A Pain That We're Used to
These things cross a line that separates “dialogue” from acts of terrorism and war. Whatever the offense, or lack of it, the real question for the free world is where we draw the line over threats and violent acts meant to control or kill us. Are there any grounds on which it is all right for Palestinians, swimming for decades in Western aid, to storm the EU offices in Gaza? Are there any grounds on which it is acceptable for embassies to go up in smoke because the authorities of Syria, or Lebanon, or Iran, do not protect them? Are there any grounds on which it is appropriate for a secretary general of the U.N. to treat such attacks as mere breaches of etiquette, pronouncing himself “alarmed” apparently in equal measure by cartoonists and gunmen?

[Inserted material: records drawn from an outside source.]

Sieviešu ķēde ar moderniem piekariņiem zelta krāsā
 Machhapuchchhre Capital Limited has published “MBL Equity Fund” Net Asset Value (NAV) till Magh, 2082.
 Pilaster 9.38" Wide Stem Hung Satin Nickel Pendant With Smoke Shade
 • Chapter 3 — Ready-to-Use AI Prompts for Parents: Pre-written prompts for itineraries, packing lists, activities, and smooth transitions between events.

What's noteworthy about the latest violence is not that it is unusual — but how very ordinary in so many ways it has become. Yes, of course, the grimly whimsical surprise is that this time the lightning rod has turned out to be not the famous London underground, or the grand train stations of Madrid, or the twin towers of New York, but a set of cartoons out of Copenhagen. The Danish drawings did not trigger some previously nonexistent fury. They have simply become the latest litmus test of how very much the worst thugs of the Islamic world believe they are entitled to get away with, whatever the pretext.
As for the cartoons, what ought to jump out here is that it is not, in fact, common for the Western press to caricature Mohammed, or even to run pointed cartoons about Islam. One has to wonder if the organizers of the gunmen, arsonists and death-threat-deliverers (and it takes a fair amount of organization to get hold of Danish flags in Gaza, or burn an embassy in the police-state of Syria) had to scour the ample outpourings of the Western press looking for something, anything, over which to take offense, and — faced with reams of material trying to understand their pain — had to fall back as a last resort on the cartoons of Denmark. To what extent is the Western press already afraid to risk offending those who even before the recent protests had racked up a record of death threats and murder?

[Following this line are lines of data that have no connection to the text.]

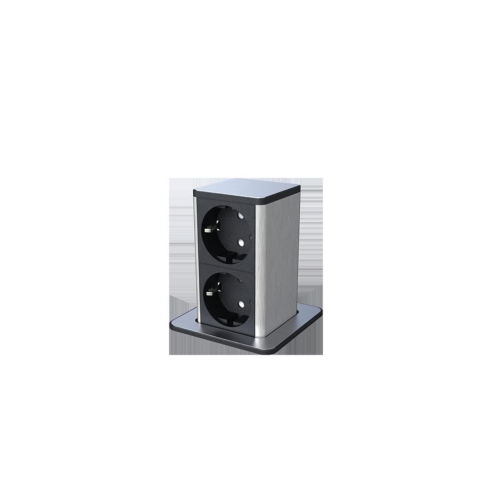 POP UP 2хКОНТАКТ ШУКО С КАБЕЛ 2М, ЧЕРЕН/ИНОКС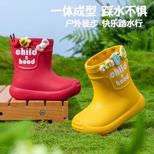 子供用レインブーツ、女の子用ベビーノンスリップレインブーツ、女子学生スクールウォーターシューズ、防水男の子用子供用女性用ラバーシューズ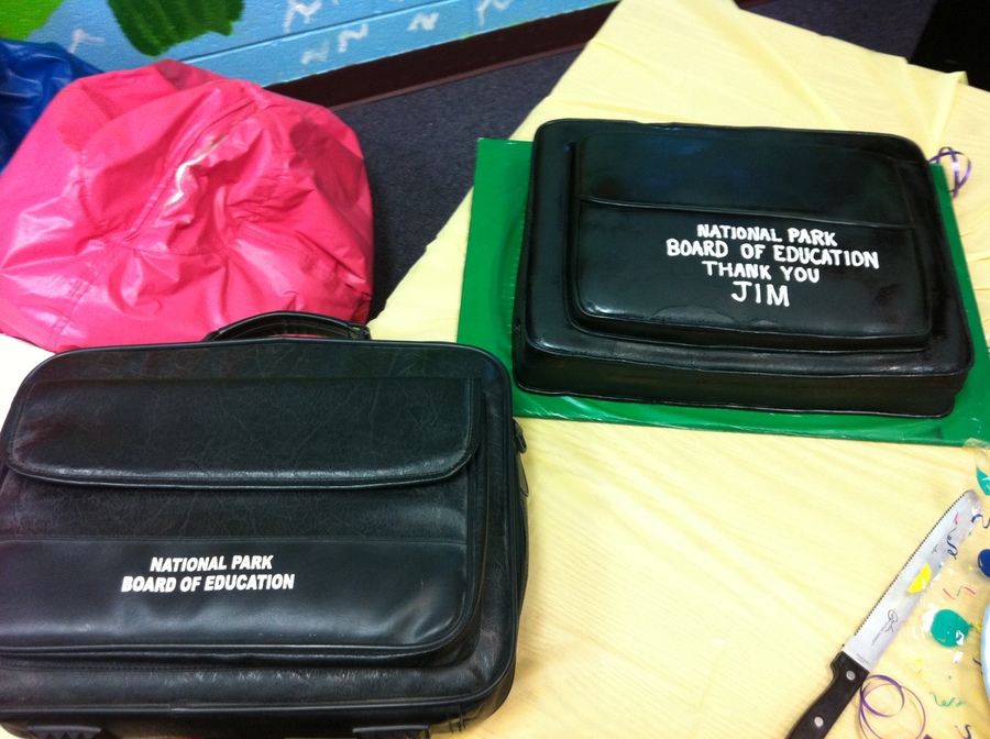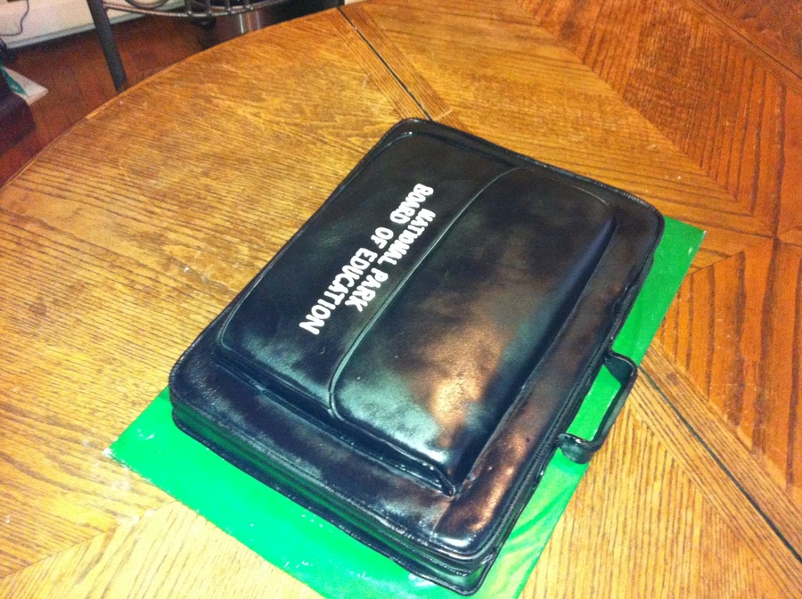 This cake was modeled after the gentleman's briefcase that he carried for 20 years as a member of the Board of Education.

If statehood, citizenship, and civilization itself are to mean anything, we are all in the end accountable for our own actions. When people riot and brutalize and burn, there are individuals in the crowds who are responsible. And in the places where this is happening, if the governments will not call these individuals to account, we need to hold those governments themselves responsible. Cartoons alone, to quote another line from Hamlet, are in a class with nothing more than “words, words, words,” and those are grounds on which newspapers, nations, and religions may have their disagreements and their dialogues. But when violence enters the picture, that is a matter for governments to settle, and in the free world the job of government and politicians is not to opine upon cartoons, but to lay down the law that no one may with impunity threaten our liberty and lives.
— Claudia Rosett is a journalist in residence at the Foundation for the Defense of Democracies.